Work to be completed:
Could you retype the whole listing word for word and drop the images?

The data:
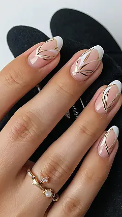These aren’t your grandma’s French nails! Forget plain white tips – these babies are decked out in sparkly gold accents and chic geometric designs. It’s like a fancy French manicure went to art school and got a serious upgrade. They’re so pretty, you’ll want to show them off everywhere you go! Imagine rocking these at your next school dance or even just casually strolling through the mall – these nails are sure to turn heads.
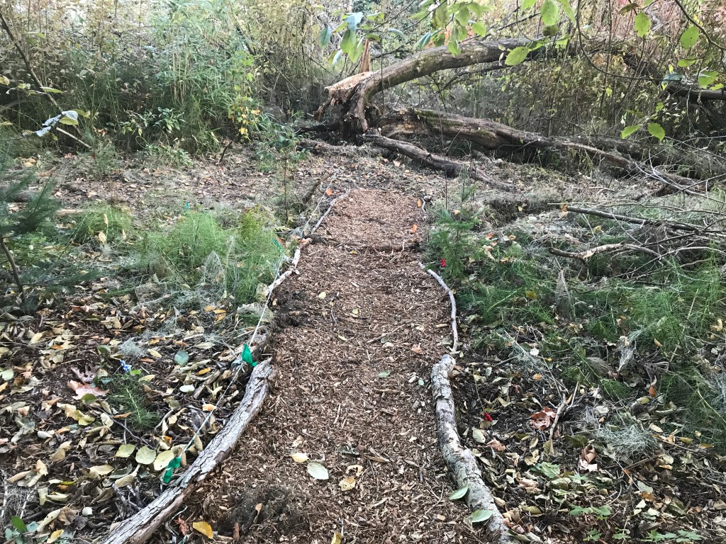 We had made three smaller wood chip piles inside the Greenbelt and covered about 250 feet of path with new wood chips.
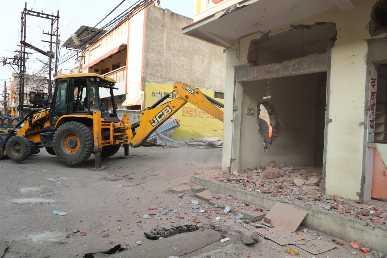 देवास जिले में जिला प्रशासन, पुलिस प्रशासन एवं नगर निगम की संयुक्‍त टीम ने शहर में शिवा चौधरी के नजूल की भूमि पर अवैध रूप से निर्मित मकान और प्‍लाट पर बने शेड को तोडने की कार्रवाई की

Exercise answer:
These aren’t your grandma’s French nails! Forget plain white tips – these babies are decked out in sparkly gold accents and chic geometric designs. It’s like a fancy French manicure went to art school and got a serious upgrade. They’re so pretty, you’ll want to show them off everywhere you go! Imagine rocking these at your next school dance or even just casually strolling through the mall – these nails are sure to turn heads.
 We had made three smaller wood chip piles inside the Greenbelt and covered about 250 feet of path with new wood chips.
 देवास जिले में जिला प्रशासन, पुलिस प्रशासन एवं नगर निगम की संयुक्‍त टीम ने शहर में शिवा चौधरी के नजूल की भूमि पर अवैध रूप से निर्मित मकान और प्‍लाट पर बने शेड को तोडने की कार्रवाई की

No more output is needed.